**EXERCISE DIRECTIONS**
Look below for the line with "den Lichtmast mit"; begin the copy there and stop after the line with "秦皇島天拓電機(jī)車有限公司環(huán)保驗(yàn)收公示", keeping the text exact and the pictures out.

START RECORDS FOR THIS TASK

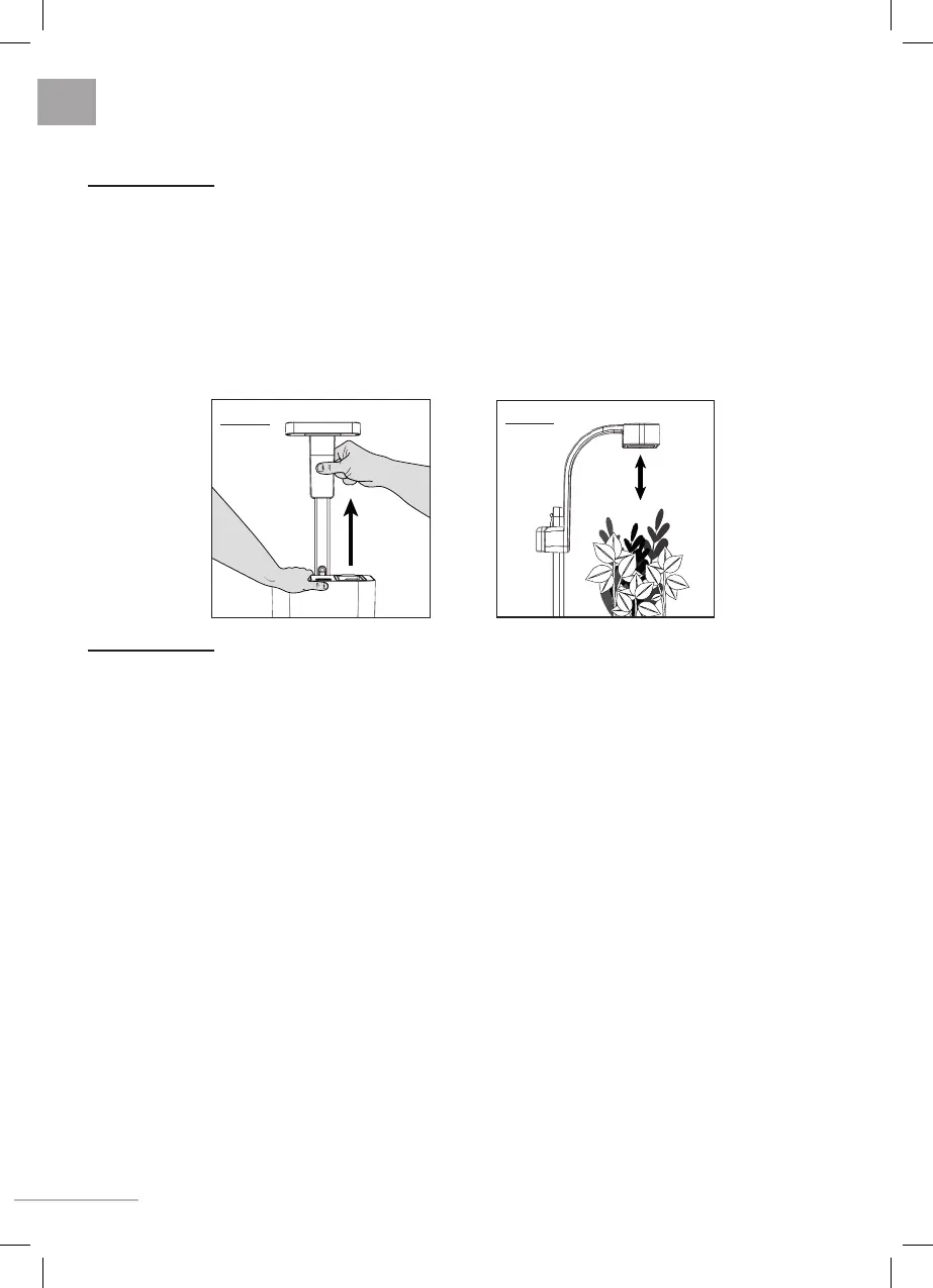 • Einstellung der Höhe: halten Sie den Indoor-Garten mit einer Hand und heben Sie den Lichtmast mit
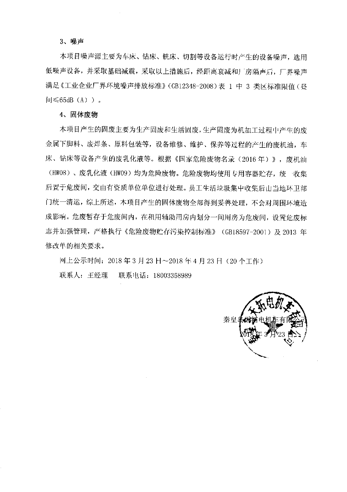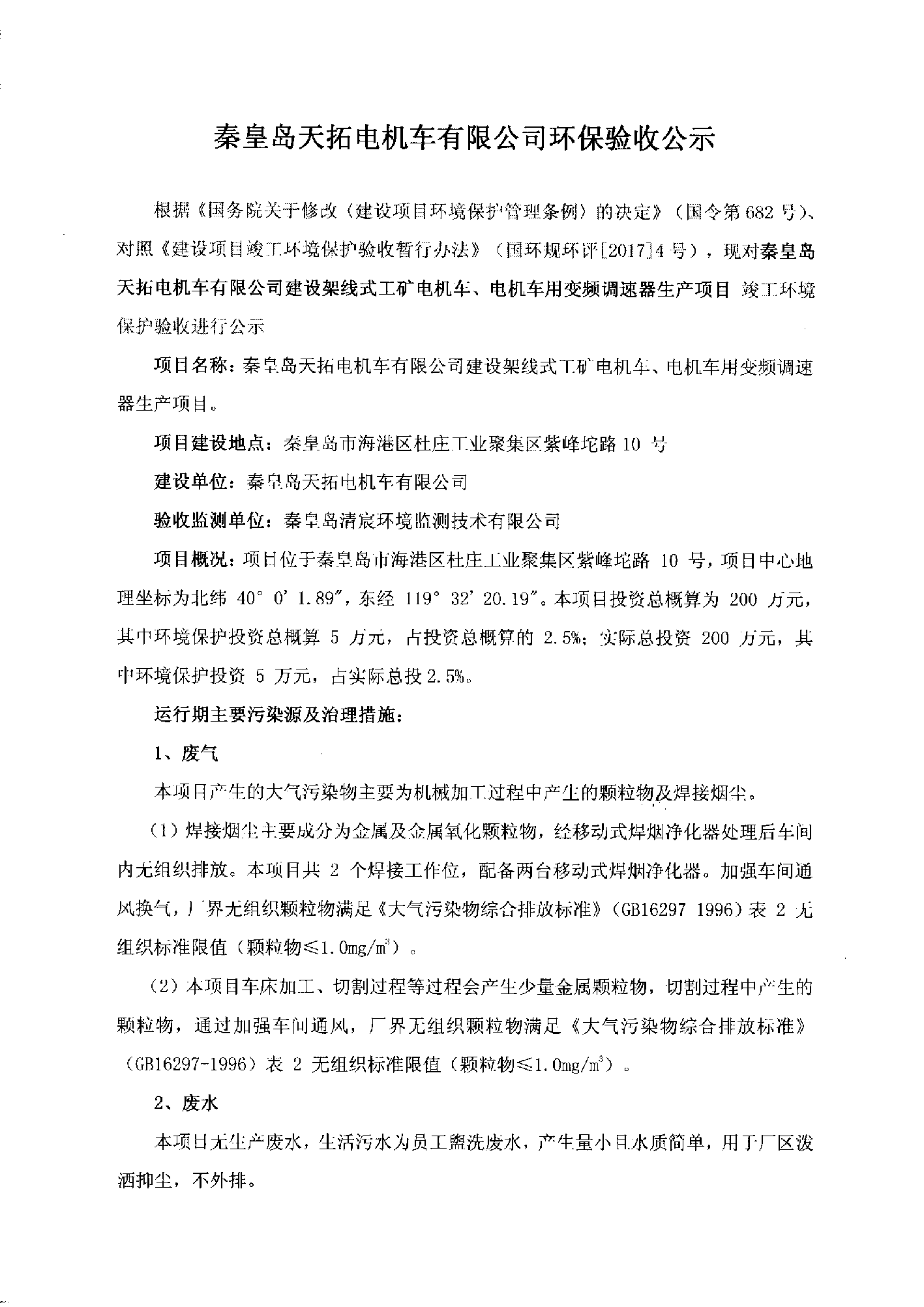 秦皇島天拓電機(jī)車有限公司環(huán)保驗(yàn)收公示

END RECORDS FOR THIS TASK
START RECORDS FOR THIS TASK

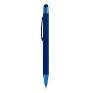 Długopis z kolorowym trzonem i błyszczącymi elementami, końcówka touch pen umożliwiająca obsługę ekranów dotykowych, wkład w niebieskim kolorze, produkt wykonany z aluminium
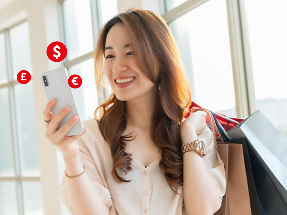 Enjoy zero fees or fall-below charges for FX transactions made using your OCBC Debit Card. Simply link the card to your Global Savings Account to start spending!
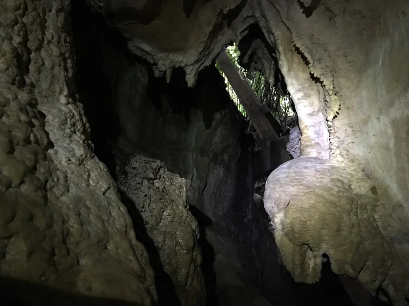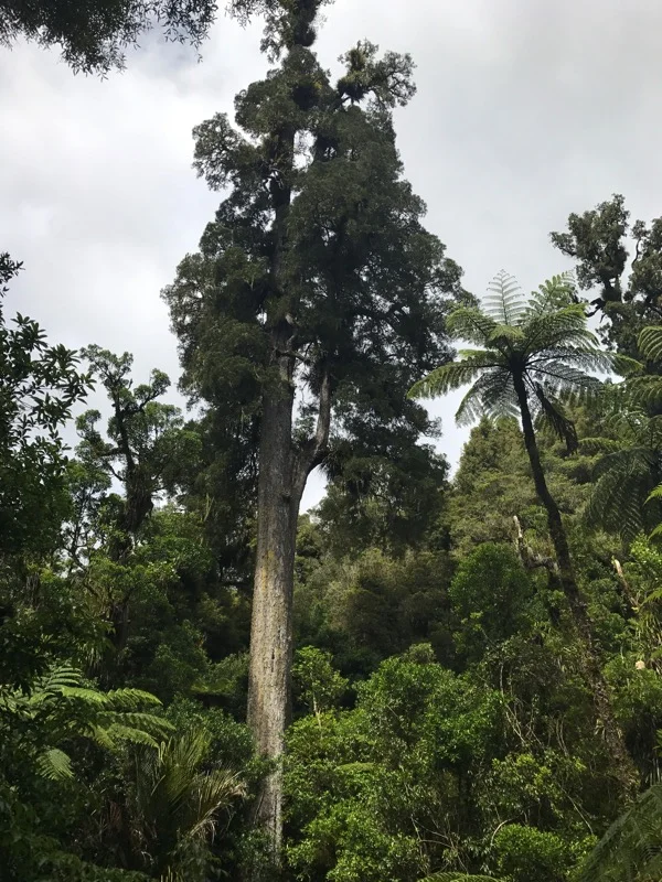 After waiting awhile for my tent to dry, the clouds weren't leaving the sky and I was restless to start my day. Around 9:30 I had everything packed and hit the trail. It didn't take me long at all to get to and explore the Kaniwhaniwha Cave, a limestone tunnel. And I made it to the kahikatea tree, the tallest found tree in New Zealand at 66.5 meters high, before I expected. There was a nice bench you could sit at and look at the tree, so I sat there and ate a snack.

END RECORDS FOR THIS TASK
START RECORDS FOR THIS TASK

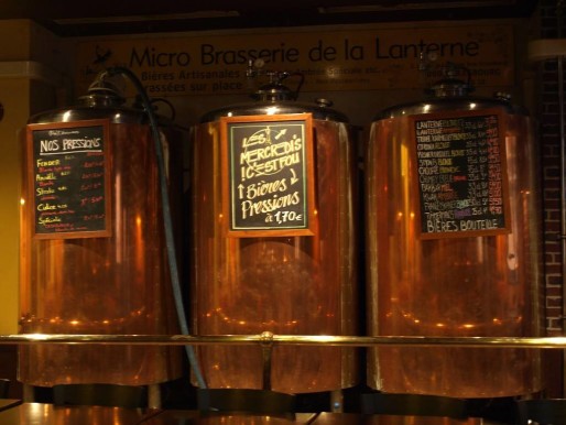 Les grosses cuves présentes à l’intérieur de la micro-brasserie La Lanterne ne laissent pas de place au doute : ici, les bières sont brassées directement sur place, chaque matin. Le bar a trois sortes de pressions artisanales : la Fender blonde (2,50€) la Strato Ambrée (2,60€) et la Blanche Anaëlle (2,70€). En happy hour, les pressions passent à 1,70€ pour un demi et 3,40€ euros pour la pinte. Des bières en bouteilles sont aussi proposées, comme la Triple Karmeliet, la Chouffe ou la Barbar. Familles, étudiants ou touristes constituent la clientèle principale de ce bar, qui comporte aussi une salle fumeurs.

END RECORDS FOR THIS TASK

**YOUR RESPONSE**
 • Einstellung der Höhe: halten Sie den Indoor-Garten mit einer Hand und heben Sie den Lichtmast mit
 秦皇島天拓電機(jī)車有限公司環(huán)保驗(yàn)收公示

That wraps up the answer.